Cost Analysis

Mistakes happen – learn to deal with them

December 27, 2013 

In the past few weeks, I’ve heard the following comment several times: “He/she should lose their job for that!” I’m not in human resources and frankly never intend to be, and I don’t think the people calling for people’s heads have been in that line of work either.

This message sort of goes hand-in-hand with my column from last week about people looking everywhere for reasons to be offended and it amazes me how many armchair personnel directors are out there.

We aren’t always talking about drastic offenses that draw ire. Not everyone has a Justine Sacco-like tweet about catching AIDS in Africa to get the pitchforks pointed at them. I was inside a fast food restaurant when a mixed-up order had an unsatisfied customer looking for the baby-faced teen to lose his part-time job.

We have become a society where mistakes are not tolerated, but it is sort of a bizarre way we look at which offenses are considered OK and which ones have masses looking for pink slips to be handed out. Say or do something moronic in a drunken or drug-addled stupor and people might actually side with you and take pity because of the addiction issues. Simply be a blue-collar guy who makes an offensive statement, and all hell breaks loose.

Have some clerk make an error that causes any difficulty at all and people think a firing is in order. Get a waiter who is a little slow and people want a head to roll. A Christmas package that you ordered two days before the festive holiday doesn’t arrive until the day after Christmas? Don’t blame yourself for waiting until the last minute, look for the guys who normally do a great job at expediting packages for dropping the ball on the busiest shipping day of the year.

It is bad when these are isolated incidents, but get a mob involved and it snowballs terribly. Take the flap over the “Duck Dynasty” saga.
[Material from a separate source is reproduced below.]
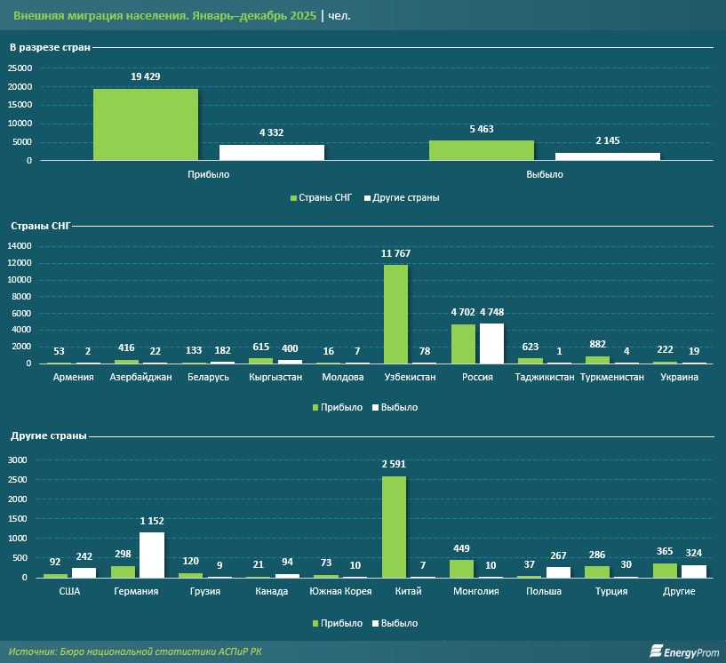 В разрезе стран ключевым источником прироста остаются государства СНГ, откуда за январь–декабрь 2025 года прибыло 19,4 тыс. человек, а выбыло туда на 14 тыс. человек меньше (5,5 тыс. человек). Абсолютным драйвером выступил Узбекистан, обеспечивший сальдо в плюс 11,7 тыс. человек: прибыло 11,8 тыс. человек, выбыло лишь 78 человек. Существенный вклад также внесли Таджикистан (плюс 622 человека), Туркменистан (плюс 878 человек), Кыргызстан (плюс 215 человек) и Азербайджан (плюс 394 человека). При этом с Россией баланс оказался практически нулевым: прибыло 4,7 тыс. человек, выбыло также 4,7 тыс. человек, а сальдо составило минус 46 человек.

It isn’t enough that people were so upset that they called for sanctions to the show, you also have ancillary fallout. Cracker Barrel originally stopped selling “Duck Dynasty” merchandise immediately after the firestorm, but pressure from their customers made them reverse their decision. Now, GLADD, an advocate for gay rights and issues, wants sanctions in place at Cracker Barrel; They want executives to lose their jobs and are asking the public to boycott the restaurant.

To me, it seems to me Cracker Barrel is between a rock and a hard place here. Take action and you anger customers. Reverse course and you anger some group that will work to cost you future customers. It seems like a vicious cycle. Inevitably somebody then says or does something stupid that will cause the cycle to repeat and so on.

Whatever happened to the saying “mistakes happen?” I just wonder how people would feel if the standards they apply to others were to applied to them. I know I’d have been fired years ago and I have a pretty good performance history.

Firings don’t fix mistakes, but perhaps training does.